Jeder aufgetretene Spike ist durch einen Punkt gekennzeichnet. Unten im roten Bereich sind die Spikes der exzitatorischen Populationen aufgetragen, oben im blauen Bereich die der inhibitorischen Populationen. Diese sind dafür da, um das Feuern der exzitatorischen Populationen zu begrenzen.

  1. Möglicherweise seht ihr zu Beginn ein eher aufgefächertes Bild. Das entsteht, wenn die Aktivität der Neuronen nicht stark genug unterdrückt wird. Um dies zu erreichen, kann entweder das Gewicht der inhibitorischen Synapsen "inh_exc" erhöht werden.

  2. Wenn die exzitatorischen Populationen mehrfach feuern, bekommen sie zu viel Anregungen. Dann könnt ihr das Gewicht "exc_exc" niedriger machen, was das weiterzugebene Signal abschwächt. Allerdings darf es nicht zu klein werden, da sonst die Kette abbricht.

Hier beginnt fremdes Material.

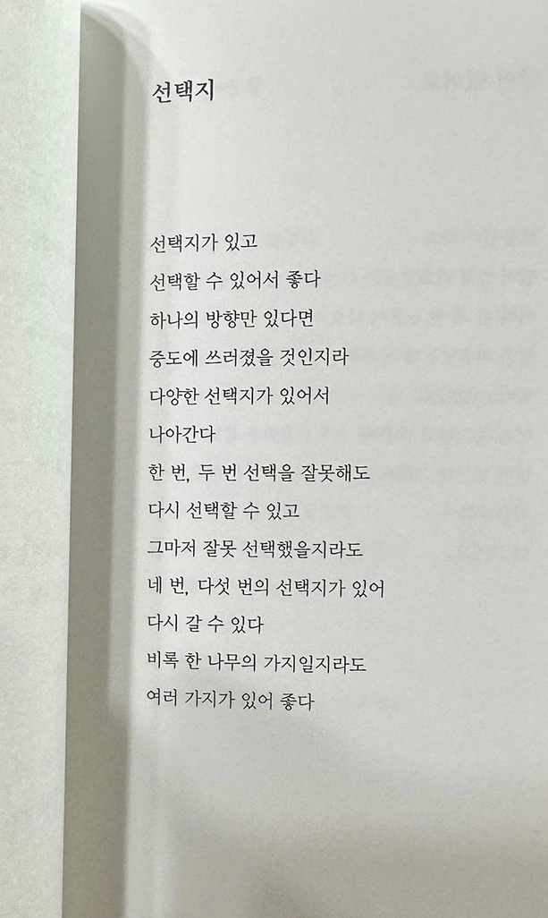 가방에 넣고 버스나 지하철을 탈 때, 한 편씩 읽어보았다. 담백하고 소탈한 생각이 담긴 책이었다. 강이랑 시인의 언어들은 일상의 사소한 순간들을 포착하였다. 그 순간들마다 만난 자연과의 대화로 이루어진 노랫말이었다. ‘선택지’라는 작품은 선택이란 한 나무의 가지에서 뻣어나가듯 여러 가지의 선택지가 나와 펼쳐나갈 수 있다고 말한다. 다양한 선택지들을 마주하고 그 갈래길에서 내가 느꼈던 불안감을 달래주는 말이었다.

  3. Es kann auch vorkommen, dass nur die Spikes der inhibitorischen Populationen verschwinden. Dann muss das Gewicht "exc_inh" erhöht werden. Auch hier kommt es auf die Feineinstellung an: Werden die inhibitorischen Synapsen zu stark gewählt, unterdrücken sie das Signal zu sehr und die Kette bricht wieder ab.

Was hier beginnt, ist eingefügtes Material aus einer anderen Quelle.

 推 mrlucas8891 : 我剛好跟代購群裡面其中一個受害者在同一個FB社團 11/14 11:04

Durch ein gutes Zusammenspiel dieser drei Gewichte ist es möglich, eine recht saubere Treppenform im roten Bereich bei den exzitatorischen Neuronen zu bekommen. Was bedeutet die Anzahl der Stufen, was ihre Höhe? Fällt euch eine Erklärung ein, warum die inhibitorischen Spikes verteilter sind?

Falls ihr die Anzahl der Populationen oder ihre Größen verändert, könnte ein Fehler auftreten. Dies ist der Fall, wenn das Limit der zur Ansteuerung verfügbaren Neuronen und Verbindungen erreicht ist. Dann müssen die Populationsgrößen einfach reduziert werden.